- **WORK TO COMPLETE**
Using the listing below, print exactly everything from the line with "既可作為簡潔的早餐臺,又可以" down to the line with "legend('Weibull Sample','Rayleigh Sample','Location','best')", both included, and nothing more.

- **DATASET**

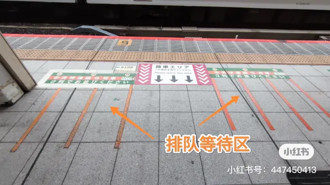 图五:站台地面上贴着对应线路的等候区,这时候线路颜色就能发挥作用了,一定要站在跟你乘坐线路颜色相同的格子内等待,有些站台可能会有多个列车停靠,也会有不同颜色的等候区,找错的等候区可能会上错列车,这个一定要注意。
---
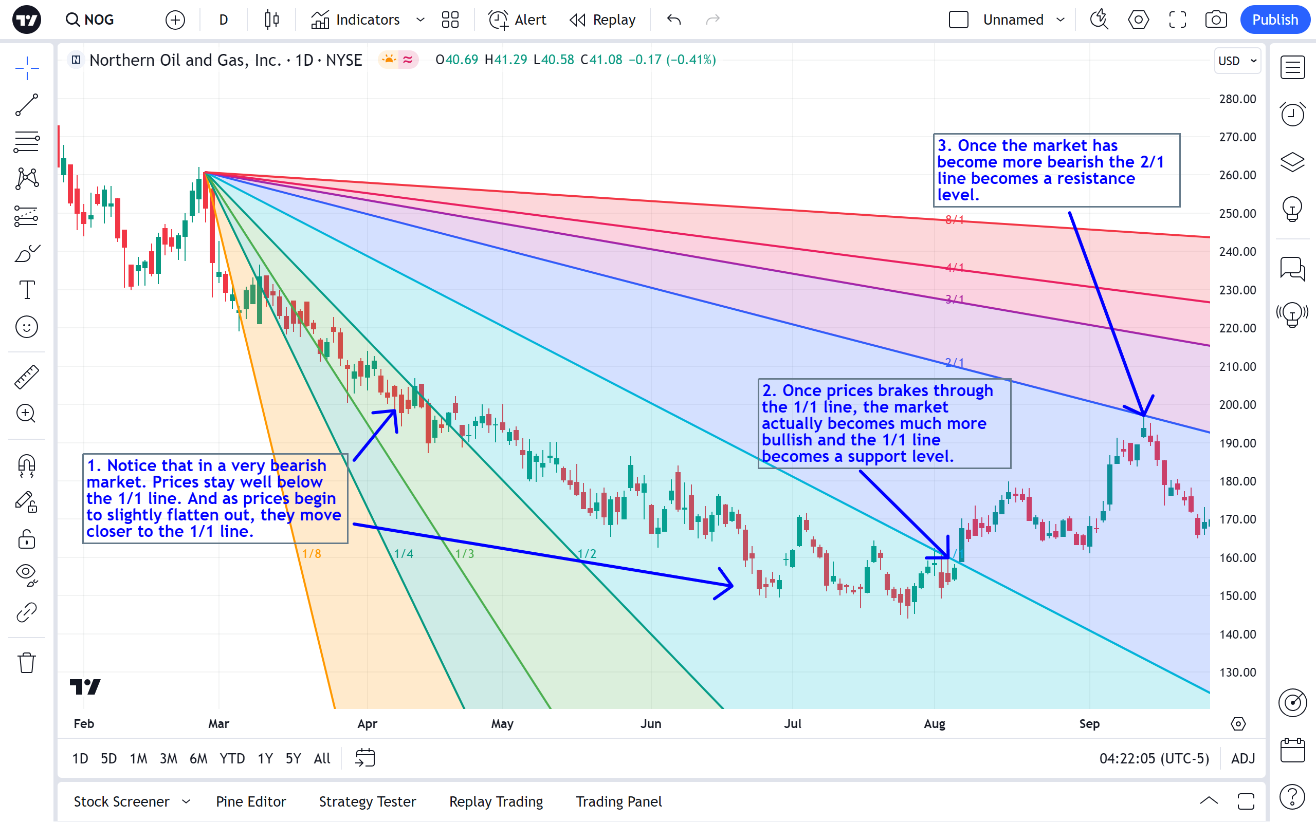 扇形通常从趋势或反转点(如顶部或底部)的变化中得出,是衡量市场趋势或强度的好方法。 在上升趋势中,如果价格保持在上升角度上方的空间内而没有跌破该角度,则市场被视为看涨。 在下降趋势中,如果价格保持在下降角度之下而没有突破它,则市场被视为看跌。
==
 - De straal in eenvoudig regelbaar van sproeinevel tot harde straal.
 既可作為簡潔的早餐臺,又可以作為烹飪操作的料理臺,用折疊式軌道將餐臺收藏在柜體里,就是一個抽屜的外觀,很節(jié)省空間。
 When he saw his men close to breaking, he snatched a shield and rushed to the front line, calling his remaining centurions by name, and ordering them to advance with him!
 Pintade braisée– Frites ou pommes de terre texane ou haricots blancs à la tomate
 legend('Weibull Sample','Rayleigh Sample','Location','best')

- **SOLUTION TO THE PROBLEM**
 既可作為簡潔的早餐臺,又可以作為烹飪操作的料理臺,用折疊式軌道將餐臺收藏在柜體里,就是一個抽屜的外觀,很節(jié)省空間。
 When he saw his men close to breaking, he snatched a shield and rushed to the front line, calling his remaining centurions by name, and ordering them to advance with him!
 Pintade braisée– Frites ou pommes de terre texane ou haricots blancs à la tomate
 legend('Weibull Sample','Rayleigh Sample','Location','best')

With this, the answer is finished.